From: Eric Sosman on
Martin Gregorie wrote:
> On Sat, 05 Dec 2009 10:11:30 +0000, Tom Anderson wrote:
>
>> Although this still doesn't handle crashes. I think there is a trick you
>> can do on unix to have files deleted even when the process crashes -
>> something like create, open, then delete the directory entry, so that
>> the only reference keeping the file alive is from the open filehandle,
>> which will die when the process exits - but i don't know if there's a
>> way to use it from java. Or even that this is definitely correct.
>>
> Thats correct. Its the standard UNIX idiom for making sure that temporary
> files don't outlive the process that created them no matter how it dies.
>
> It should work from Java since its not language-dependent, though of
> course its not portable outside outside the *nix world.
>
>> However, by default, createTempFile puts files in java.io.tmpdir, which
>> on unix machines will typically be /tmp. Files there are subject to
>> deletion at the whim of the OS, so to an extent, you can delegate the
>> problem of worrying about deleting files to that.
>>
> You should attempt to delete them at some stage because there's no
> guarantee that the OS will. Its merely a way of guaranteeing that the
> tempfile has a unique name no matter how many copies of the process are
> running.
>
> A more useful approach would be to start the process(es) from a shell
> script or control process whose first action is to delete all temporary
> files it finds that are used by the processes it controls: this will be
> portable provided the script/control process is portable: no reason it
> shouldn't be written in Java or a portable scripting language like Groovy
> or Python.
>
>> That said, i'm not sure what current unixen's policies towards /tmp are;
>> i believe linux will only delete things at reboot, not during normal
>> operation, which makes this less useful.
>>
> I'm not certain that temp files are necessarily deleted at boot because
> that does slow down crash recovery. Since a file in temp will survive
> until its closed, its equally likely that there's a cron job that runs
> 'rm -rf /tmp/*' sometime after midnight each day. The real caveat is that
> no program creating files in /tmp should expect them to be there after it
> terminates, i.e. don't pass them to another program started after the
> first ends.

(Marginally topical) On Solaris, the Unix flavor I'm most
familiar with, /tmp is usually mounted on a tmpfs file system.
This is a memory-resident file system to the extent possible,
spilling over into swap space as needed. Nothing special needs
to happen at reboot to "clean out" tmpfs, no more than anything
special needs to happen to "clean out" swap files: The newly-
booted system just initializes its metadata to say "empty," and
everything from prior incarnations is gone.

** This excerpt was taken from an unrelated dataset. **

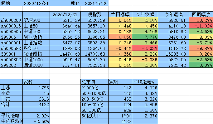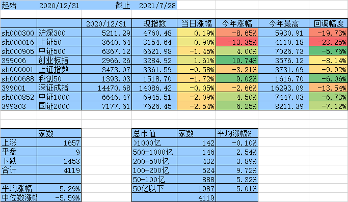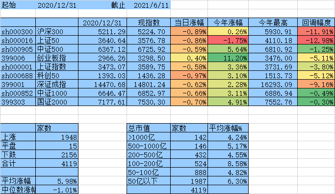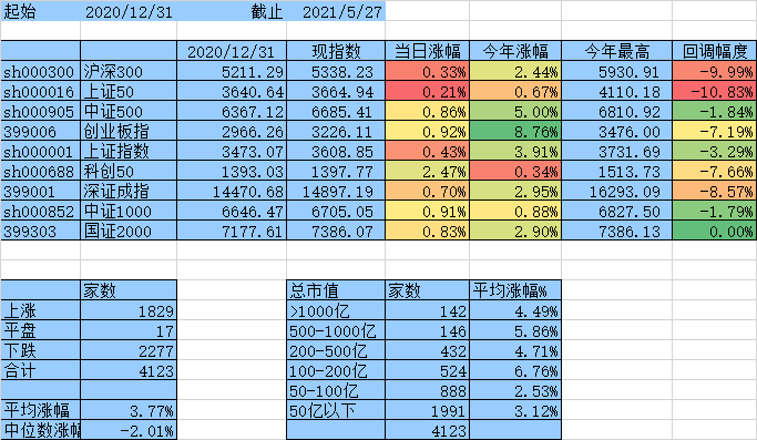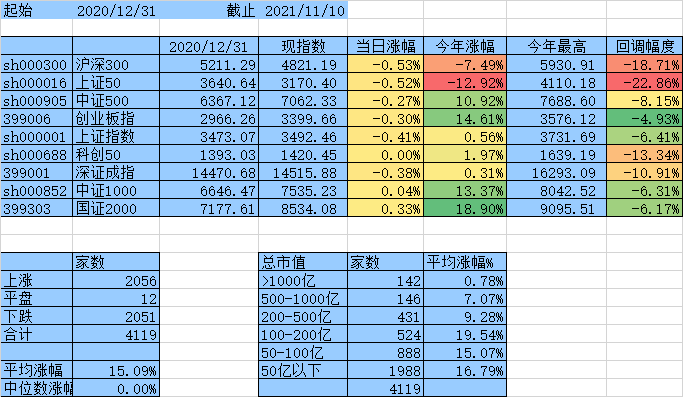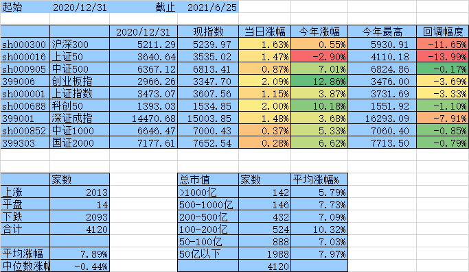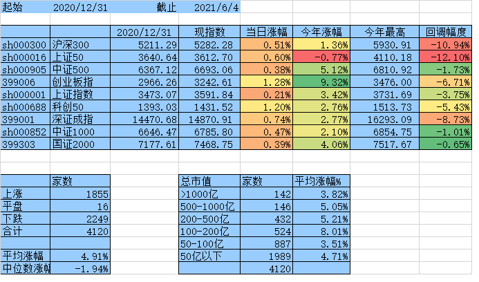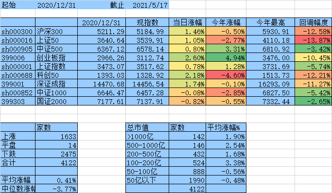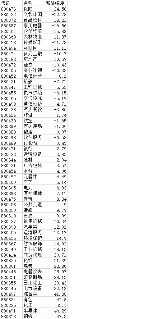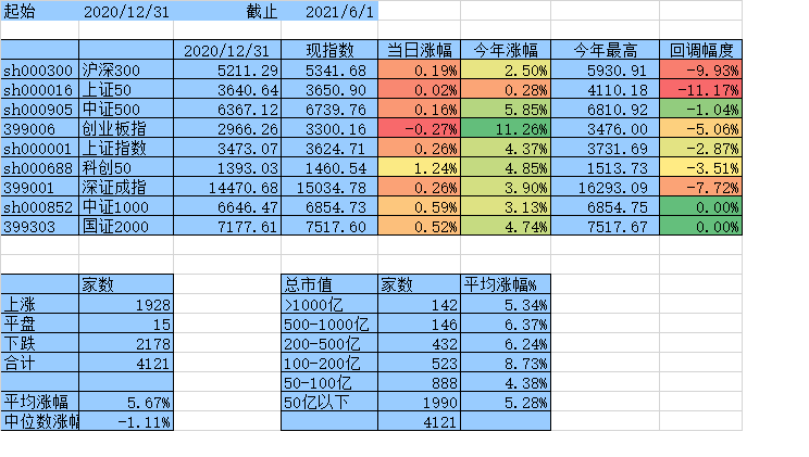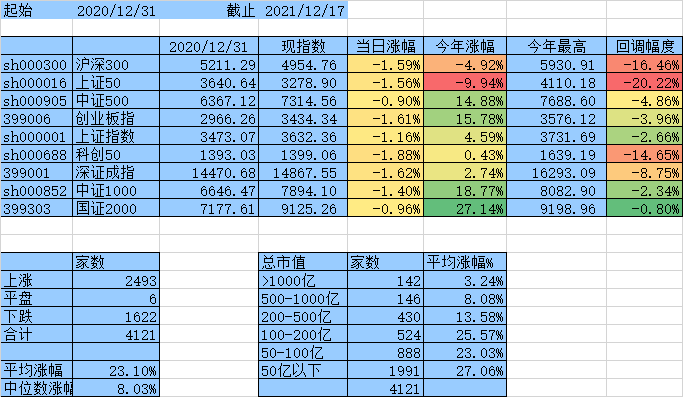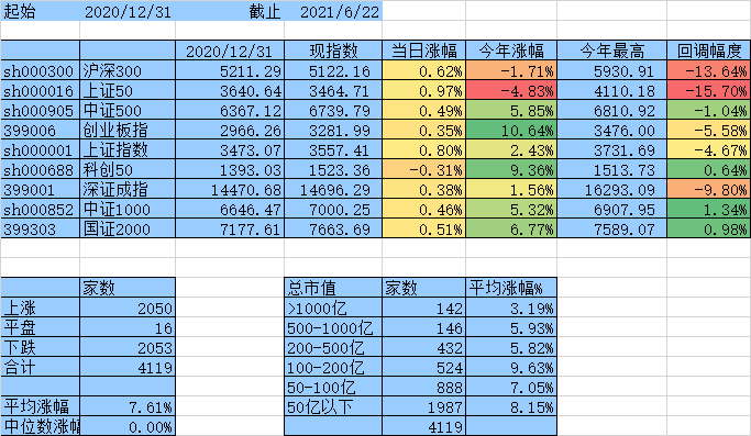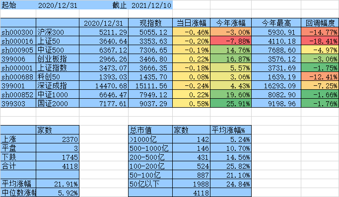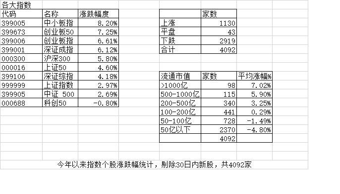 上涨家数终于跟下跌家数持平了,涨幅中位数达到0,平均涨幅7.61%,除沪深300、上证50外其他指数年涨幅均为正数。

Also, it's a *very* bad idea to purge /tmp blindly, even if
you're careful only to purge files that haven't been modified
in a while. I recall working with a server application that put
files in /tmp and mmap'ed them to share memory between its multiple
processes. Since simple paging I/O to and from a file opened a
week ago doesn't change the files' modification date, along came
the customer's /tmp-purging cron job and BLOOEY went the server ...

--
Eric Sosman
esosman(a)ieee-dot-org.invalid
From: Martin Gregorie on
On Sat, 05 Dec 2009 18:30:26 -0500, Eric Sosman wrote:

>
> Also, it's a *very* bad idea to purge /tmp blindly, even if
> you're careful only to purge files that haven't been modified in a
> while. I recall working with a server application that put files in
> /tmp and mmap'ed them to share memory between its multiple processes.
> Since simple paging I/O to and from a file opened a week ago doesn't
> change the files' modification date, along came the customer's
> /tmp-purging cron job and BLOOEY went the server ...
>
Good point.

When I've needed to do this on Unices I've used the Unix IPC library
functions to hand references to shared memory segments between programs.
But you can't do that in Java AFAIK.

The only place I've used mmap files was on Tandem (now HP) Guardian fault
tolerant systems where an mmapped file was the only possibility because
the sharing processes were almost guaranteed to be on different CPUs with
nothing in common except shared disk. If I used them on a *NIX system
they'd probably need to be persistent data and so would be sitting in
normal directories alongside named pipes.


--
martin@ | Martin Gregorie
gregorie. | Essex, UK
org |
From: Tom Anderson on
On Sat, 5 Dec 2009, Eric Sosman wrote:

> Martin Gregorie wrote:
>> On Sat, 05 Dec 2009 10:11:30 +0000, Tom Anderson wrote:
>>
>>> However, by default, createTempFile puts files in java.io.tmpdir, which
>>> on unix machines will typically be /tmp. Files there are subject to
>>> deletion at the whim of the OS, so to an extent, you can delegate the
>>> problem of worrying about deleting files to that.
>>
>> You should attempt to delete them at some stage because there's no
>> guarantee that the OS will. Its merely a way of guaranteeing that the
>> tempfile has a unique name no matter how many copies of the process are
>> running.
>
> (Marginally topical) On Solaris, the Unix flavor I'm most familiar
> with, /tmp is usually mounted on a tmpfs file system. This is a
> memory-resident file system to the extent possible, spilling over into
> swap space as needed. Nothing special needs to happen at reboot to
> "clean out" tmpfs, no more than anything special needs to happen to
> "clean out" swap files: The newly- booted system just initializes its
> metadata to say "empty," and everything from prior incarnations is gone.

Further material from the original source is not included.